What needs to be done
Lines from the one with "野水荒滩,铺满红藻浮萍,红得" up to and including the one with "lifting the car, break" are to be copied exactly from the records below, without their pictures.
"""
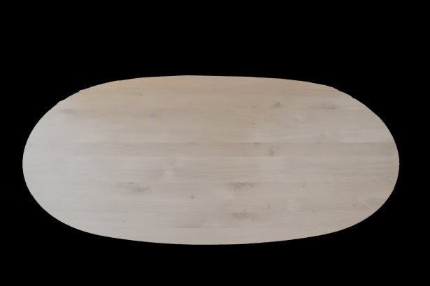 Deze mooie ovale eettafel heeft een tafelblad met een facet rand. Dit is een schuine tafelrand. Het tafelblad is gemaakt van massief eikenhout en niet opgedikt met een extra rand.
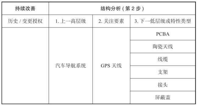 假设某公司是做GPS天线的,先做系统的DFMEA,结构分析表如表3-3所示。关注要素是要分析的对象,如果要分析子系统DFMEA,关注要素就是PCBA或陶瓷天线,上一高层线就是 GPS天线,下一层级就是PCB板或IC等。
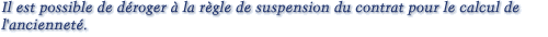 Mais la Cour d'appel de Paris vient de juger qu'il est possible d'aménager les conditions de la suspension du contrat de travail et de prévoir , notamment, que la durée du mandat sera prise en compte pour le calcul de l'ancienneté.
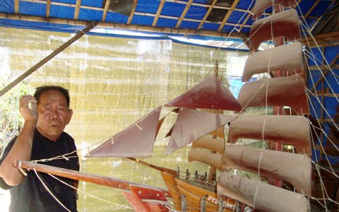 Không ai trong làng Đông Tác là không biết ông, người dám bỏ hàng chục triệu đồng ra tự mình mua gỗ, nguyên vật liệu về đóng đến 5 chiếc ghe mô hình lớn và 4 chiếc nhỏ được gắn vào trụ xoay vòng mỗi khi có gió chẳng khác lúc căng buồm vượt sóng biển Đông.
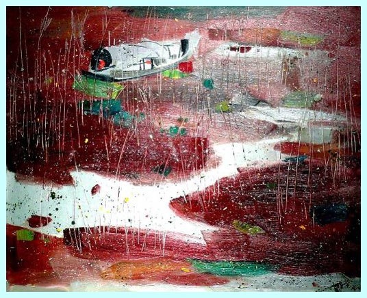 野水荒滩,铺满红藻浮萍,红得沉着,红得幽暗,像全无光泽的粗糙地毯。红色块面中伸出成群枯萎了的细瘦的苇枝,芦花已被风刮尽,于是突出了灰白色的线之林,并飘散着灰白色的片片与点点。我不喜欢红海洋,却钟情于这忧郁的红色荒野,这里一只被遗弃的舟,也是灰白的,细听暗红与灰白的对话,谅来系互诉衷肠,并非对唱恋歌。
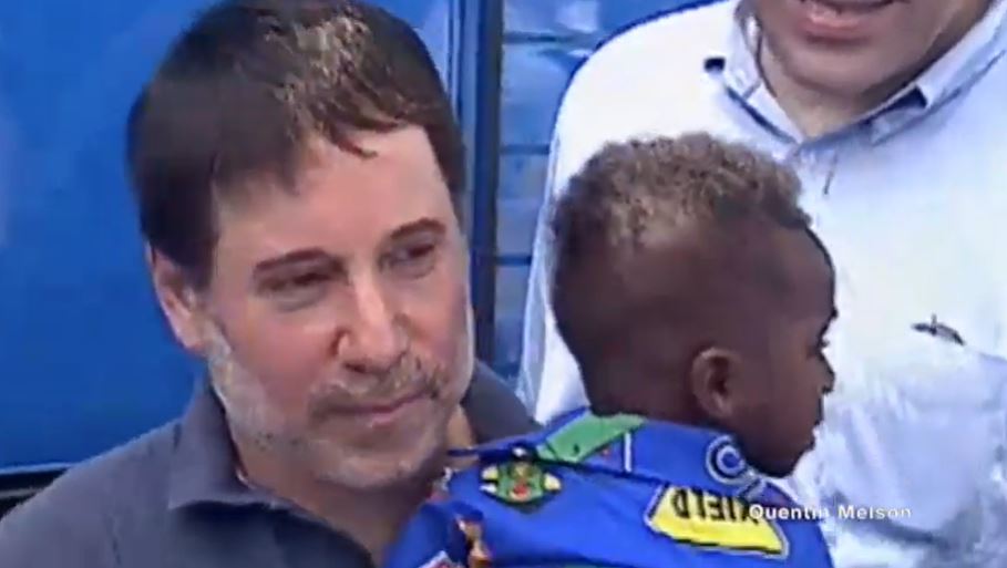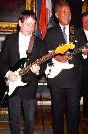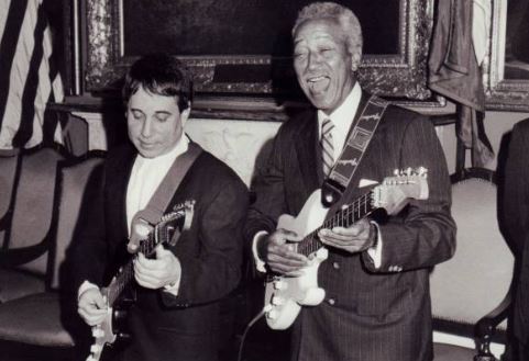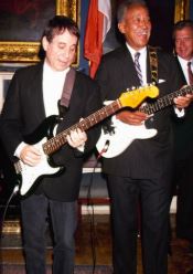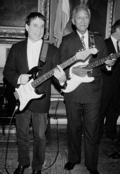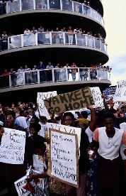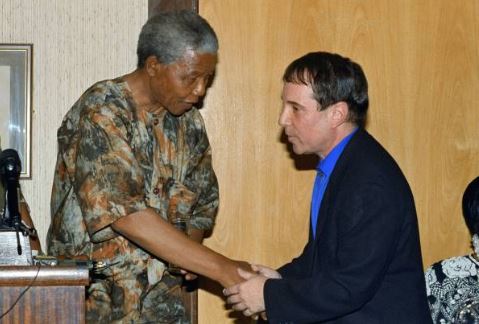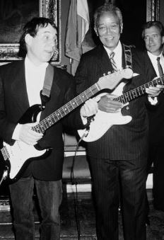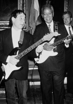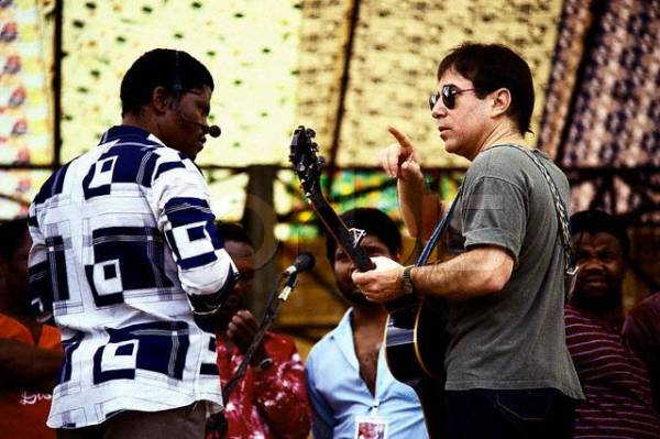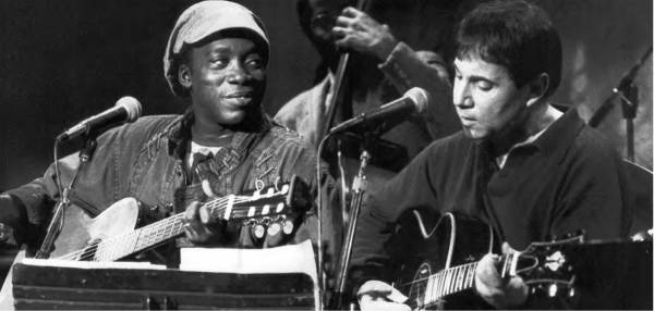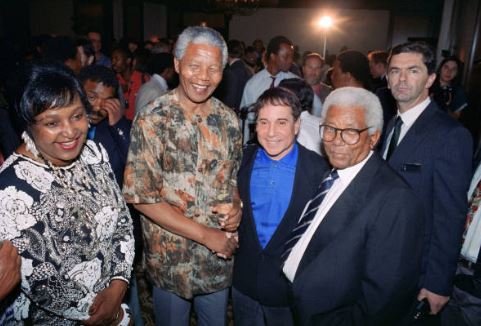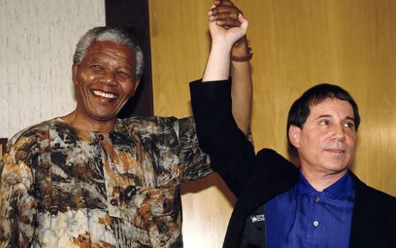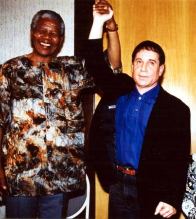 Park Stadium African national Congress President Nelson Mandela shakes hands with Paul Simon after he made a public appeal in support of Simon's concert tour at a banquet on January 10, 1992 in Johannesburg. The ANC has offered to provide security assistance for the tour, which has been threatened by black extremist groups. |
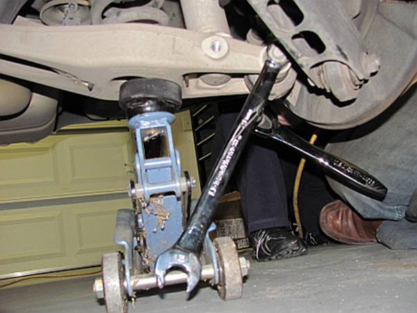 lifting the car, break all of the front wheel lug nuts loose, but don’t remove.
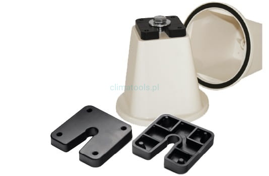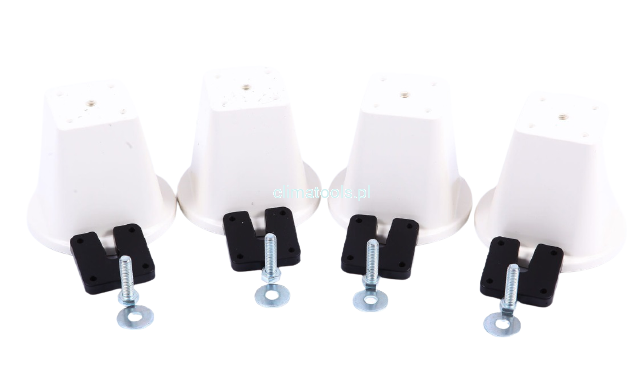 Podstawa stożkowa dla urządzeń klimatyzacyjnych. Jest to estetyczne i praktyczne rozwiązanie.Umieszczony pod miękką podporą z PCV o-ring gwarantuje bardzo dobrą amortyzację drgań.Dodatkowo w zestawie znajduje się nakładka,która pozwala wypoziomować jednostkę zewnętrzną klimatyzacji.
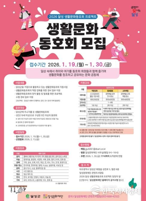 한국시사경제 대구취재본부 | (재)달성문화재단은 1월 19일부터 30일까지 ‘2026 달성 생활문화동호회 프로젝트’에 참여할 동호회를 모집한다고 9일 밝혔다.
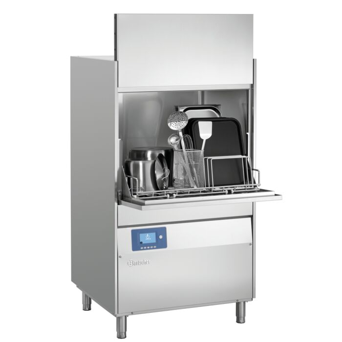 - Eigenschaften: Doppelwandige Tür als Arbeitsfläche nutzbar, Tiefe bei offener Klappe 1275 mm, Elektronischer Thermostopp, Plus-System (Nachspülpumpe, Break Tank, druckloser Boiler), 2 Spülarme mit je 1 Spülpumpe, Doppelsieb (Abfallsammler und Pumpensieb herausnehmbar), Waschwanne tiefgezogen mit Stufen, Einfaches Entnehmen des Filters, Senkrechtes, selbstreinigendes Pumpensieb, Selbstdiagnosesystem, Mehrfarbiger START-Bedienknopf, Mehrsprachiges Steuerungsmenü
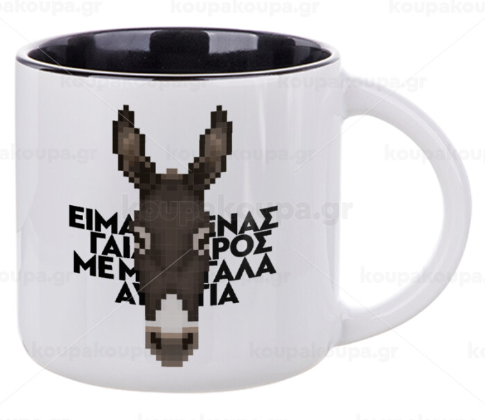 Είμαι ένας γάιδαρος με μεγάλα αυτιά., Κούπα κεραμική 400ml Λευκή/Μαύρη
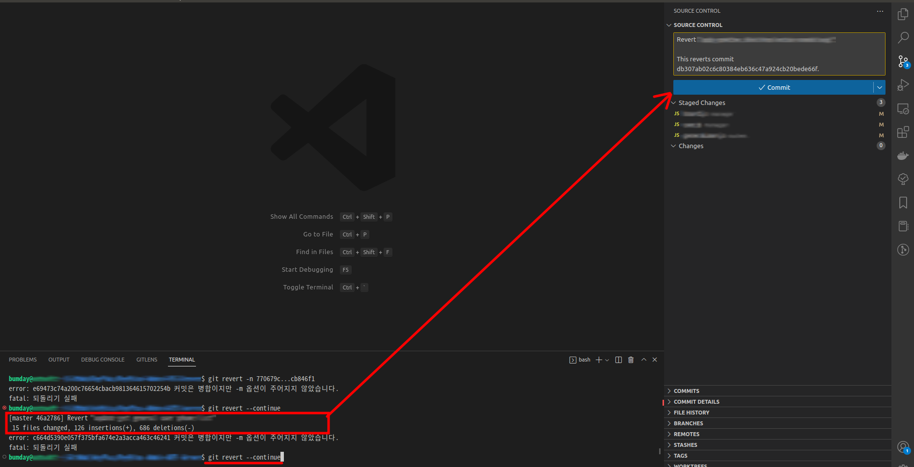 이렇게 마지막까지 revert가 완료되었고, 더이상 충돌이나 병합이 발생하지 않아 error메시지가 뜨지 않는것을 확인할 수 있다.
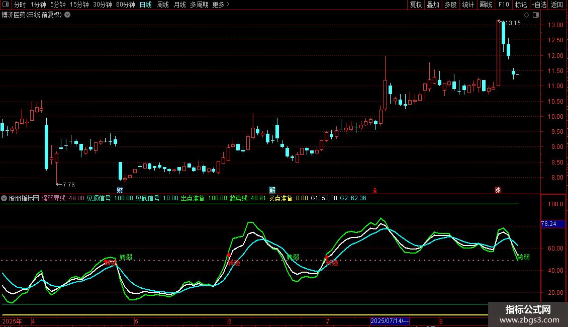 DRAWTEXT(CROSS(49,趋势线),52,'转弱'),COLORGREEN;
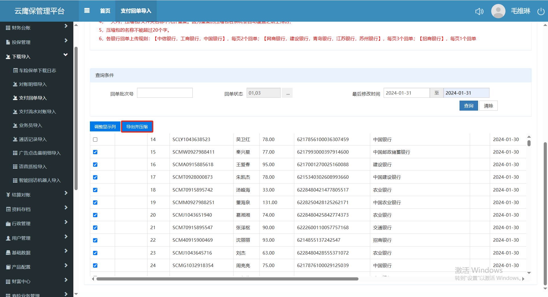 支付回单导入中点击导出并压缩按钮无反应,无法导出并压缩导出回单,需处理
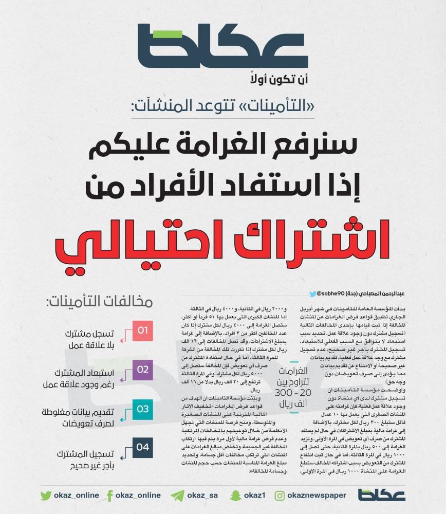 أما المنشآت الكبرى التي يعمل بها 51 فرداً أو أكثر، ستصل الغرامة إلى 4000 ريال لكل مشترك إذا كان عدد المخالفين أكثر من 3 أفراد، بالإضافة إلى غرامة بمبلغ الاشتراكات، وقد تصل المخالفات إلى 16 ألف ريال لكل مشترك إذا تكررت تلك المخالفة من الشركة للمرة الثالثة، أما في حال استفادة المشترك من صرف أي تعويض فإن المخالفة ستصل إلى 5000 ريال لكل مشترك، وفي المرة الثالثة ترتفع إلى 20 ألف ريال بدلا من 16 ألف ريال.
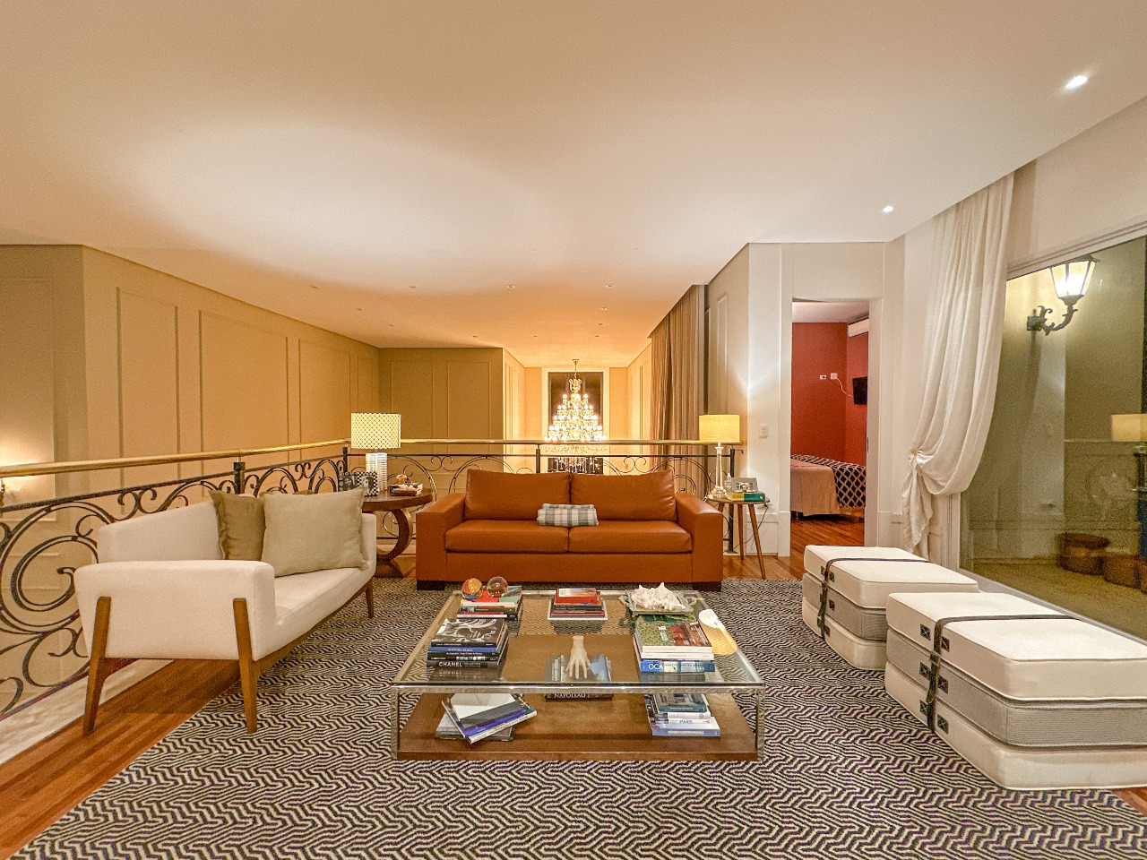 - Sala de leitura no mezanino de acesso à área íntima
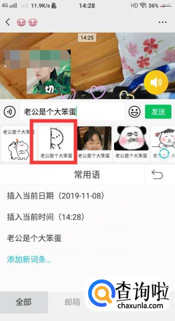 添加好了自己设置的词条之后,就是怎么使用使用这个词条了。点击小章鱼,点击【常用语】,就可以看到刚刚编辑的词条啦。
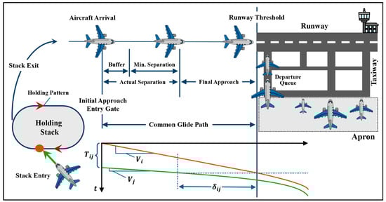 A schematic sketch of airside components along with a graph of landing separation distance calculation in the common glide path. Here, and denote the aircraft approach speed, is the minimum time separation at the entry gate, and is the minimum admissible distance separation for two arriving aircraft, i.e., a leading aircraft (red line) and a following aircraft (green line).
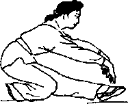 移左脚,右脚跟提起脚掌点地,两 手随体向前推出,掌心向前高与 肩平。右腿后退半步,重心后移. 下蹲坐于右后脚跟,左脚伸直为 虚步脚尖外撇45。( IV ),同时双 手向下回按至胯旁。然后双手上 提由腰中穿出,体前值尽量胸面 贴腿,双手随体前俯之时沿腼两 侧前击。(图11 —1)身体回收双 乎回按,收至小腹前,接连以臂向
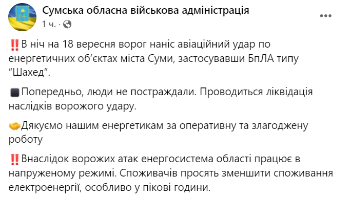 В Сумской ОВА сообщают, что россияне нанесли авиационный удар по энергетическим объектам города Сумы, применив БПЛА типа "Шахед".
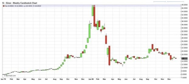 1980年,银价在短短四个月内从每盎司10美元涨至48美元。两个月后,它又回到了10美元。
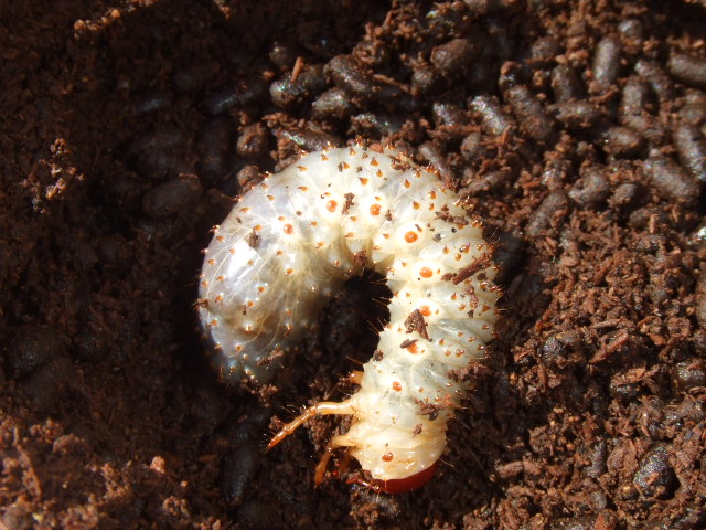 画像の幼虫はまだ若い状態で色も白くてイボイボもそんなには発達してない幼虫です。
"""
Expected answer
 野水荒滩,铺满红藻浮萍,红得沉着,红得幽暗,像全无光泽的粗糙地毯。红色块面中伸出成群枯萎了的细瘦的苇枝,芦花已被风刮尽,于是突出了灰白色的线之林,并飘散着灰白色的片片与点点。我不喜欢红海洋,却钟情于这忧郁的红色荒野,这里一只被遗弃的舟,也是灰白的,细听暗红与灰白的对话,谅来系互诉衷肠,并非对唱恋歌。
 Park Stadium African national Congress President Nelson Mandela shakes hands with Paul Simon after he made a public appeal in support of Simon's concert tour at a banquet on January 10, 1992 in Johannesburg. The ANC has offered to provide security assistance for the tour, which has been threatened by black extremist groups. |
 lifting the car, break all of the front wheel lug nuts loose, but don’t remove.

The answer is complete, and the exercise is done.